▶ WHAT TO DO: Copy out the data word for word, without any of its pictures.

▶ DATASET EXTRACT:
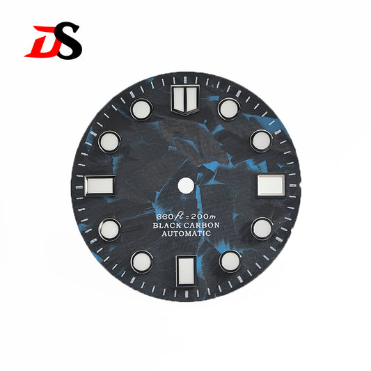 Black Carbon Fiber Dial 28.5mm NH35 Dial Blue Lume MM Index
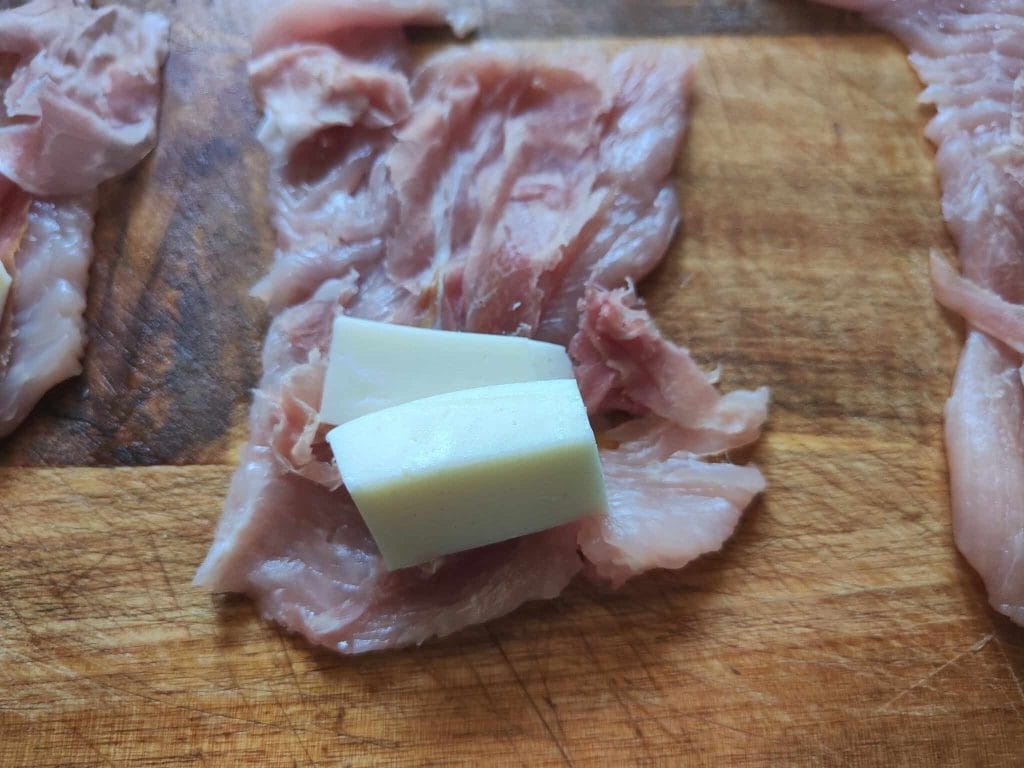 Place a bit of cooked ham and a cheese stick on each turkey slice, roll the meat to form the roll-up, and secure it with toothpicks.
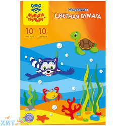 Цветная бумага A4 10 л. 10 цв. мелованная в папке Мульти-Пульти БЦм10-10_13972

▶ WORKED SOLUTION:
 Black Carbon Fiber Dial 28.5mm NH35 Dial Blue Lume MM Index
 Place a bit of cooked ham and a cheese stick on each turkey slice, roll the meat to form the roll-up, and secure it with toothpicks.
 Цветная бумага A4 10 л. 10 цв. мелованная в папке Мульти-Пульти БЦм10-10_13972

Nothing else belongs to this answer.